This video helps explain why.
😯👍
Was going to say something about it living in the cusp of that corner, but I got here a bit late.
Now imagine some SAM locking unto you and launching a missile
You cant really maneuver, you are a sitting duck essentially
Planes are meant to glide tho they don't just drop ?
@@triggas80 They drop like rocks when stalled, and controls do nothing until they regain sufficient speed. A heavy fast plane can drop thousands of feet before regaining control, and passengers fall back into their seats.
I kept seeing this channel recommended to me in my feed, this video specifically, and I thought to myself, "I'm an avid student of aerodynamics and flight, I know what coffin corner is. Surely, I don't need to re-learn it."
Turns out, it doesn't matter. Between the beautiful explanations, and an always-captivating Australian accent (seriously, how do Aussies always have beautiful speaking voices?), I found myself enjoying an explanation in 5 minutes that I had spent 30 minutes suffering through in Uni.
Oh wow, that's so kind of you. Thank you very much for your feedback.
Now I understand a lot better the difficulty of flying the U2.
Your videos never disappoint! Loving these ATPL videos ❤️ hoping for more to come.
Yay! Thank you!
What accent is it? Is it kiwi or aussie ?

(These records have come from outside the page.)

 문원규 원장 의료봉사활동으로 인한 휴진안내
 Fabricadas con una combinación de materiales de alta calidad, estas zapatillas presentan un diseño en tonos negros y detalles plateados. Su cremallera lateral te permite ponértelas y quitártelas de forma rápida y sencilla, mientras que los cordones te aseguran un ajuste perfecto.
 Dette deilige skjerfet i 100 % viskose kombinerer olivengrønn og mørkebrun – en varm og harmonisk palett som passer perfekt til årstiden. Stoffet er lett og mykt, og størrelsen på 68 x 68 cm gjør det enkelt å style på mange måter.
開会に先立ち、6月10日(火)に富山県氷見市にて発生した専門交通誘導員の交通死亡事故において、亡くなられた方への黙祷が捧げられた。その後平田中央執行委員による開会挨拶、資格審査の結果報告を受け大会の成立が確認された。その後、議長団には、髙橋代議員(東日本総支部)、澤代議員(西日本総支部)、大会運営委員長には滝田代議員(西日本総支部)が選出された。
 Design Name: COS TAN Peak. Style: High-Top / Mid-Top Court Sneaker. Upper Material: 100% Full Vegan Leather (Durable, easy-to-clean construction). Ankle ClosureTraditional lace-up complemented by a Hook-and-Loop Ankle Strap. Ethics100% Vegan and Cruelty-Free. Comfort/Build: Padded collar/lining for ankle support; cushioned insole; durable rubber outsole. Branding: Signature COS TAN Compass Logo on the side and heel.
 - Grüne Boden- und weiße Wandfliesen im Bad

Just found this channel recently. The videos I have thus far seen look great. I am no pilot, nor am I likely to become one. However I find the different aspects of how planes fly to be a fascinating topic and as such, videos like what you guys and gals are making are great for someone like myself who has some understanding of planes and how they work, but also have garnered all of that understanding on their own.
Keep up the good work.
Welcome aboard!
Crisp clean audio, simple yet effective graphs, and visual aids that are straight forward and not overly complicated for the specific subject matter. A+!
Great video. So concise and clear!
I have been working on a russian aircraft, the MDB M55 Geofisika, holding the world record for highest tangential altitude, higher than the U2. I remember the pilot told me at that altitude the buffet margin was 15 kn only. .
That's insane! Thank you so much for sharing.
@@flightclubonline De nada! I love your short videos.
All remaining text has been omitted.